[Exercise requirements]: Quote the listing below in full and exactly as written, but omit every picture.

[Input data]:

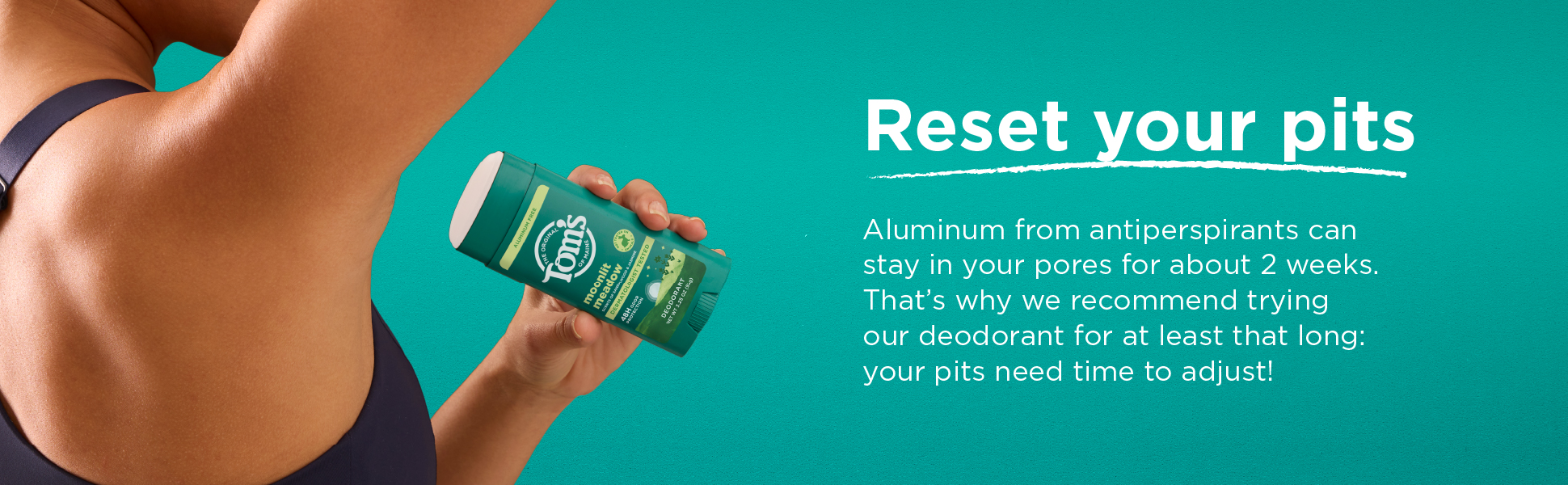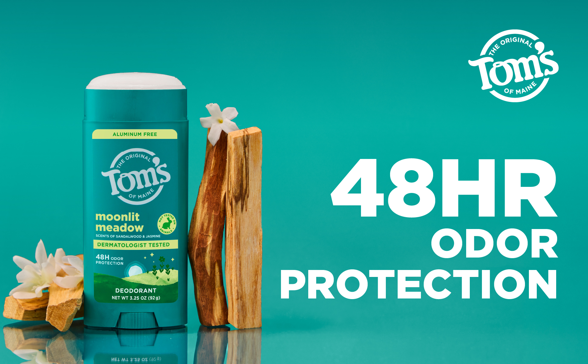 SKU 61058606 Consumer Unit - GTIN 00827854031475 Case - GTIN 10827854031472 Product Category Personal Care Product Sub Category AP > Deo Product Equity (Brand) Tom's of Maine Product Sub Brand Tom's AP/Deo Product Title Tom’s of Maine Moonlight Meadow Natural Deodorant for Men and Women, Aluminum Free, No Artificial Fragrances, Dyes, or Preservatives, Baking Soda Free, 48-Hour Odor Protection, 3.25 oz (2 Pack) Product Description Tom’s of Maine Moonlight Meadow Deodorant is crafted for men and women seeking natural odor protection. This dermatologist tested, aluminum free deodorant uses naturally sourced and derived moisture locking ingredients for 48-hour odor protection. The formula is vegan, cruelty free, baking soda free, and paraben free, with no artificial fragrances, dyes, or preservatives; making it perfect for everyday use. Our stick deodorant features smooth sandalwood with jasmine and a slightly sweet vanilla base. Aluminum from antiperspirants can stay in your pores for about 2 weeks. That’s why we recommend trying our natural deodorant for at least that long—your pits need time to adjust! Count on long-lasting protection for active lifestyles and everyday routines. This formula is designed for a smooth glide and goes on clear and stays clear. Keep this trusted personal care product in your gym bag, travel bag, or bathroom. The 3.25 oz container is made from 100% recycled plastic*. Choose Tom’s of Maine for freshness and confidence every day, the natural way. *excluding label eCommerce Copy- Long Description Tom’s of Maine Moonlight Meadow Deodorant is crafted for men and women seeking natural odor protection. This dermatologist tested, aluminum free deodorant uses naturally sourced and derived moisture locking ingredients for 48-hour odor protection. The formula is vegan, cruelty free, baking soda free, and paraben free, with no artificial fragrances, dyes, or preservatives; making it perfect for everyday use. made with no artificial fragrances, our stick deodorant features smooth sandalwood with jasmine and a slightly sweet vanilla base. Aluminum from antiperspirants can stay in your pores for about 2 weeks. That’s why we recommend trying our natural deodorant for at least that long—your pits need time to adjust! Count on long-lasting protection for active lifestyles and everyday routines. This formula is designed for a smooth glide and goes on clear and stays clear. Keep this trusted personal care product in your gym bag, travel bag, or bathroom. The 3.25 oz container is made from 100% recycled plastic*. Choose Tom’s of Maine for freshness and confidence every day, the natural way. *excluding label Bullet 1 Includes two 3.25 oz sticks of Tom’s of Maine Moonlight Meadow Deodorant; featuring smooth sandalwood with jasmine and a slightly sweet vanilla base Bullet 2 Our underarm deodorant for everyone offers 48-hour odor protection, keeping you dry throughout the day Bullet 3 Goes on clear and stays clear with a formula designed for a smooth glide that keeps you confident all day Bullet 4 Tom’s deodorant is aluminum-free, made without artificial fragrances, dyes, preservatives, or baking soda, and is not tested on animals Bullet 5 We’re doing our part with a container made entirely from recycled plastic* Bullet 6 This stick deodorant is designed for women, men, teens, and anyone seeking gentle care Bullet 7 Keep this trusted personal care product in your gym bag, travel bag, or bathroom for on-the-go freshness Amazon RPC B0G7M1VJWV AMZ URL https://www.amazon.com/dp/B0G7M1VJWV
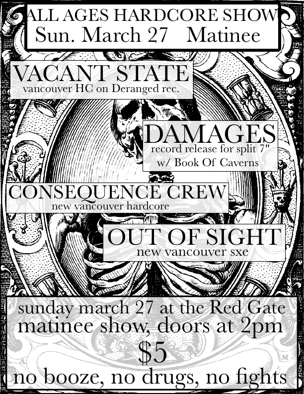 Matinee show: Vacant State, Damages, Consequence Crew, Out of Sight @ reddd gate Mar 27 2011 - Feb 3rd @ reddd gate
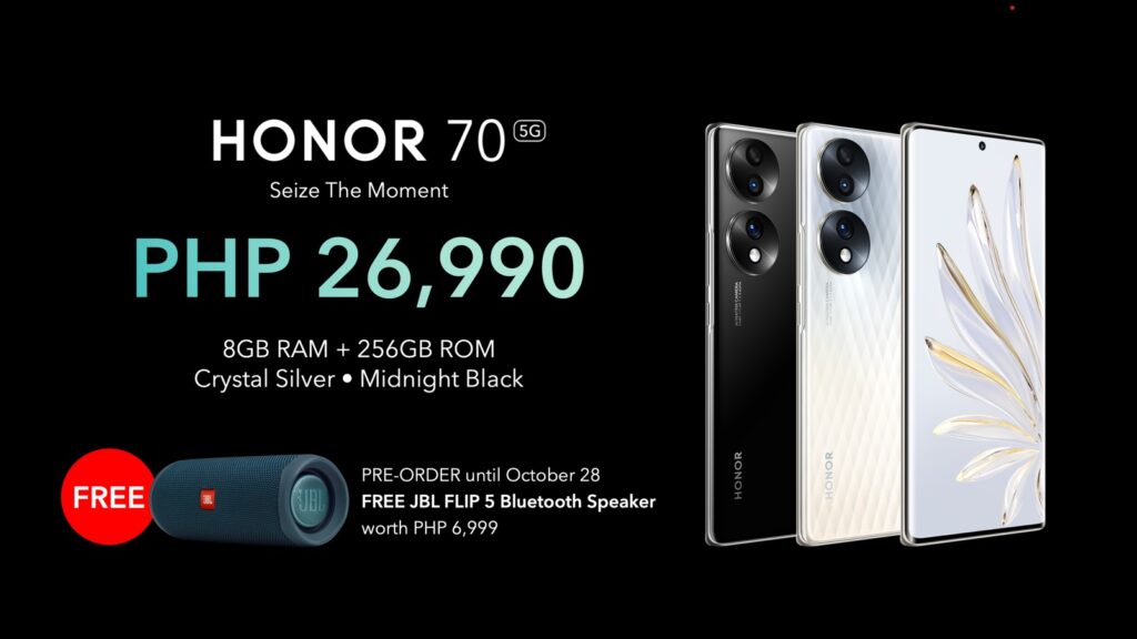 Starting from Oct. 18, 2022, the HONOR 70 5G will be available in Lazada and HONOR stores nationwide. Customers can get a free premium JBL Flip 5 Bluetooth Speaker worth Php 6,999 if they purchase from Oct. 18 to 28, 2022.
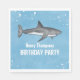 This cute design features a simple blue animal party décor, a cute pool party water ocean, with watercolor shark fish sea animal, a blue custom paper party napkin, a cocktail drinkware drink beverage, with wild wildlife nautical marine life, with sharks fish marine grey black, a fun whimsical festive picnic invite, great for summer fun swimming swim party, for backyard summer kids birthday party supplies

[Task answer]:
 SKU 61058606 Consumer Unit - GTIN 00827854031475 Case - GTIN 10827854031472 Product Category Personal Care Product Sub Category AP > Deo Product Equity (Brand) Tom's of Maine Product Sub Brand Tom's AP/Deo Product Title Tom’s of Maine Moonlight Meadow Natural Deodorant for Men and Women, Aluminum Free, No Artificial Fragrances, Dyes, or Preservatives, Baking Soda Free, 48-Hour Odor Protection, 3.25 oz (2 Pack) Product Description Tom’s of Maine Moonlight Meadow Deodorant is crafted for men and women seeking natural odor protection. This dermatologist tested, aluminum free deodorant uses naturally sourced and derived moisture locking ingredients for 48-hour odor protection. The formula is vegan, cruelty free, baking soda free, and paraben free, with no artificial fragrances, dyes, or preservatives; making it perfect for everyday use. Our stick deodorant features smooth sandalwood with jasmine and a slightly sweet vanilla base. Aluminum from antiperspirants can stay in your pores for about 2 weeks. That’s why we recommend trying our natural deodorant for at least that long—your pits need time to adjust! Count on long-lasting protection for active lifestyles and everyday routines. This formula is designed for a smooth glide and goes on clear and stays clear. Keep this trusted personal care product in your gym bag, travel bag, or bathroom. The 3.25 oz container is made from 100% recycled plastic*. Choose Tom’s of Maine for freshness and confidence every day, the natural way. *excluding label eCommerce Copy- Long Description Tom’s of Maine Moonlight Meadow Deodorant is crafted for men and women seeking natural odor protection. This dermatologist tested, aluminum free deodorant uses naturally sourced and derived moisture locking ingredients for 48-hour odor protection. The formula is vegan, cruelty free, baking soda free, and paraben free, with no artificial fragrances, dyes, or preservatives; making it perfect for everyday use. made with no artificial fragrances, our stick deodorant features smooth sandalwood with jasmine and a slightly sweet vanilla base. Aluminum from antiperspirants can stay in your pores for about 2 weeks. That’s why we recommend trying our natural deodorant for at least that long—your pits need time to adjust! Count on long-lasting protection for active lifestyles and everyday routines. This formula is designed for a smooth glide and goes on clear and stays clear. Keep this trusted personal care product in your gym bag, travel bag, or bathroom. The 3.25 oz container is made from 100% recycled plastic*. Choose Tom’s of Maine for freshness and confidence every day, the natural way. *excluding label Bullet 1 Includes two 3.25 oz sticks of Tom’s of Maine Moonlight Meadow Deodorant; featuring smooth sandalwood with jasmine and a slightly sweet vanilla base Bullet 2 Our underarm deodorant for everyone offers 48-hour odor protection, keeping you dry throughout the day Bullet 3 Goes on clear and stays clear with a formula designed for a smooth glide that keeps you confident all day Bullet 4 Tom’s deodorant is aluminum-free, made without artificial fragrances, dyes, preservatives, or baking soda, and is not tested on animals Bullet 5 We’re doing our part with a container made entirely from recycled plastic* Bullet 6 This stick deodorant is designed for women, men, teens, and anyone seeking gentle care Bullet 7 Keep this trusted personal care product in your gym bag, travel bag, or bathroom for on-the-go freshness Amazon RPC B0G7M1VJWV AMZ URL https://www.amazon.com/dp/B0G7M1VJWV
 Matinee show: Vacant State, Damages, Consequence Crew, Out of Sight @ reddd gate Mar 27 2011 - Feb 3rd @ reddd gate
 Starting from Oct. 18, 2022, the HONOR 70 5G will be available in Lazada and HONOR stores nationwide. Customers can get a free premium JBL Flip 5 Bluetooth Speaker worth Php 6,999 if they purchase from Oct. 18 to 28, 2022.
 This cute design features a simple blue animal party décor, a cute pool party water ocean, with watercolor shark fish sea animal, a blue custom paper party napkin, a cocktail drinkware drink beverage, with wild wildlife nautical marine life, with sharks fish marine grey black, a fun whimsical festive picnic invite, great for summer fun swimming swim party, for backyard summer kids birthday party supplies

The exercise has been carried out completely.